Joshua Tree Partially Reopens Following Tropical Storm Hilary — What to Know

The park will be open for day visits while fellow California park Death Valley remains closed.

Joshua Tree National Park will reopen on Tuesday after temporarily closing to weather Tropical Storm Hilary.

The national park will reopen for daytime use with all visitor centers and paved roads ready to welcome travelers, according to the National Park Service. Dirt roads and campgrounds remain closed.

“This past weekend, Joshua Tree National Park experienced heavy rains and flooding from Tropical Storm Hilary. Park staff began assessing the park early Monday morning,” the NPS wrote in a statement. “Road crews found large amounts of sand and debris on roadways and have begun clearing the roads.”

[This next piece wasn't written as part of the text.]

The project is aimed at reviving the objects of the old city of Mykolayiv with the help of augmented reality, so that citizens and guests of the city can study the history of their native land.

The tropical storm slammed California over the weekend, dumping intense amounts of rain and halting travel up and down the West Coast.

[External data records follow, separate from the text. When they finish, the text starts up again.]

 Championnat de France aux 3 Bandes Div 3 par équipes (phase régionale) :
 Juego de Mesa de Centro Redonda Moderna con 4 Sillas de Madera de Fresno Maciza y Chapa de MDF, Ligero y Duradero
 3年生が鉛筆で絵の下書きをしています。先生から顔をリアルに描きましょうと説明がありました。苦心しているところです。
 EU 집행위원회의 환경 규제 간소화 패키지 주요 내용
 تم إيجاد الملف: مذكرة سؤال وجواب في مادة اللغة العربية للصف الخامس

While Joshua Tree planned to reopen, Death Valley National Park would remain closed. The park — one of the hottest places on earth — received a year's worth of rain in one day, the NPS noted. In all, a National Weather Service rain gauge at Furnace Creek recorded 2.2 inches of rain, which amounts to the park’s entire average annual rainfall and beats the previous single day record of 1.7 inches set on Aug. 5, 2022.

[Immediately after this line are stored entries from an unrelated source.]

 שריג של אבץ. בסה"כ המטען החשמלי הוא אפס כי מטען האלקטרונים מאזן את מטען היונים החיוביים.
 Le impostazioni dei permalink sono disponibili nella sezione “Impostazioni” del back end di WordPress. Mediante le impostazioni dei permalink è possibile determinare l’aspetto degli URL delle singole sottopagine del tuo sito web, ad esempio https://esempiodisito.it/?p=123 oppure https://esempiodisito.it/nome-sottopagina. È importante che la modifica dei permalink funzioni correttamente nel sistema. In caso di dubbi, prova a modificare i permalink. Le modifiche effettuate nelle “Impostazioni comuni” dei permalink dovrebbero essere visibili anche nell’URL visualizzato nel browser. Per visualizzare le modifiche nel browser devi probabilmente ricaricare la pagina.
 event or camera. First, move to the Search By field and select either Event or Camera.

It was not clear when the park would reopen.

“An estimated 400 residents, travelers, and employees are sheltering in place at Furnace Creek, Stovepipe Wells, and Panamint Springs until area roads are safely passable,” the NPS wrote in a statement. “The unprecedented rain came in two bursts, with about an inch of rain Sunday morning and another inch of rain Sunday night.”

As of Tuesday, electricity and cell service had been restored in the park, but landline phones were still down and damaged roads and infrastructure posed a challenge.

This isn’t the first time a national park closed due to extreme weather. In July, the Giant Forest in California’s Sequoia National Park had a delayed reopening after clearing snow and making road repairs to recover from a historic winter. And Yosemite National Park temporarily closed over the spring to recover from up to 15 feet of snow.

Last year, Yellowstone National Park was also forced to temporarily shut following a devastating flood, which saw several collapsed roads. The majority of the park reopened weeks later.